Model residual diagnostics of gamma GLMM with log-link

Question

I am trying to model fish length data (N > 115.000) which are highly right-skewed using linear mixed effects models. Actually all data make sense and the the extreme high values are valid measurements. My data look like: .

I thought of using a GLMM of the family "Gamma" (with log-link) as length is a censored response (0,∞). Specifically, I am using the function glmmTMB() to fit following model structure:

    mod <- glmmTMB(L ~ gear + (1|species) + (1|location),
            family=Gamma(link = "log"),
            data=fish_df)

The model converged without any errors/warnings and the parameter estimates are reasonable, I think. However, I wanted to check/diagnose the model, especially the residuals. I was following some posts in other threads such as "What are the assumptions of a Gamma GLM or GLMM for hypothesis testing?" and "Coping with underdispersion after DHARMa diagnosis on GLMM with Gamma link=log", as I am observing similar issues of rather extreme values in my response that lead to skewed residuals of my models, I guess. So it seems that there is some heteroscedasticity in my residuals. I mean, given the large sample size it is not too surprising to see also supposed 'outliers'.

    ypred = predict(mod)
    res = residuals(mod, type = 'pearson')
    plot(ypred,res)
    hist(res)

I further checked with the DHARMa package for some patterns which are difficult to interpret to me.

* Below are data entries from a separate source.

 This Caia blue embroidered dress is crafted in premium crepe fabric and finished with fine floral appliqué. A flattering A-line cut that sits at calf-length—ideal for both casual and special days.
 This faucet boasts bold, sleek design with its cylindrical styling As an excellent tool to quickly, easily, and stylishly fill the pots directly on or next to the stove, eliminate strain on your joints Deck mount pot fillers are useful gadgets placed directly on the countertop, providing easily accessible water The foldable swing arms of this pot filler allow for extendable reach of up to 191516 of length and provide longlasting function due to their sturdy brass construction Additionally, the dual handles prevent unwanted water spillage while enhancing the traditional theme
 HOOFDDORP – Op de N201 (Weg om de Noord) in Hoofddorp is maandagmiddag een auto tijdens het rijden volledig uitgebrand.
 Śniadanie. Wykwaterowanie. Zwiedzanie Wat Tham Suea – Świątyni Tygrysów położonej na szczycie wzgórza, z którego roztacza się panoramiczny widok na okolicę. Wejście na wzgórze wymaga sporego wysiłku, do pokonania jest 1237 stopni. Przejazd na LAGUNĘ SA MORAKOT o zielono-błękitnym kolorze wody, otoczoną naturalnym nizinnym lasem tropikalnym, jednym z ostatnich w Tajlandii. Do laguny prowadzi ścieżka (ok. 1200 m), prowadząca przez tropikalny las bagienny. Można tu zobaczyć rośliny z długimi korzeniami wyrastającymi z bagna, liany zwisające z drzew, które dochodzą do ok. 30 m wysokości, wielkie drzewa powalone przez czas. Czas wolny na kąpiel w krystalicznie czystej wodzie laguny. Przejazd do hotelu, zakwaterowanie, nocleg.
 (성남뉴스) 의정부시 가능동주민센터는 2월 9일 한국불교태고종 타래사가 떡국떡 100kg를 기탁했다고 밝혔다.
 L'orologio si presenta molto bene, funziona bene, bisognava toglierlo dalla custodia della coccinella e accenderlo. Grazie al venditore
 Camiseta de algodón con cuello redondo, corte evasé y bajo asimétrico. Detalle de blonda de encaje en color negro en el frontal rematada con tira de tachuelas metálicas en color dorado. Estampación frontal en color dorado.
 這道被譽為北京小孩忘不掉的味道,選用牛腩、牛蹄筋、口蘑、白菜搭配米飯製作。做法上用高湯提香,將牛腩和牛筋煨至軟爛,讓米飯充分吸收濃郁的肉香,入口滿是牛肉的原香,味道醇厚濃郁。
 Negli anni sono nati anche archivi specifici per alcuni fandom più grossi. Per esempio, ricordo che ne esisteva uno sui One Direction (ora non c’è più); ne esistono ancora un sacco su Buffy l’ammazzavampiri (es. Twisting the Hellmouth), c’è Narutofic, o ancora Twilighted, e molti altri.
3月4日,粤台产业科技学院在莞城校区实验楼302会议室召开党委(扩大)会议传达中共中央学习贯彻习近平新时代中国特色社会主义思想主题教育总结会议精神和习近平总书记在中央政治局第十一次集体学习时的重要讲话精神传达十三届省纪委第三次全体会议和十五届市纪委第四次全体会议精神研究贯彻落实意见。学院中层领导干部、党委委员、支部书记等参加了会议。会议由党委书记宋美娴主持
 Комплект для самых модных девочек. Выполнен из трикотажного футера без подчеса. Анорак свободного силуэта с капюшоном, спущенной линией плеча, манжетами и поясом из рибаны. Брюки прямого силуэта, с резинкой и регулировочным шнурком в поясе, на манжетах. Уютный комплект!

    sim_res <- DHARMa::simulateResiduals(modX5, 250)
    plot(sim_res,asFactor = F)
    DHARMa::testDispersion(mod)
    DHARMa::testDispersion(mod, type="PearsonChisq", 
         alternative="greater")

The dispersion tests do not detect any significant overdispersion in the residuals but rather low dispersion parameters (for PearsonChisq = 0.13703, for DHARMa nonparametric dispersion test = 0.28605). In fact the gamma has already a dispersion parameter, so there should be no 'overdispersed' gamma according to this post.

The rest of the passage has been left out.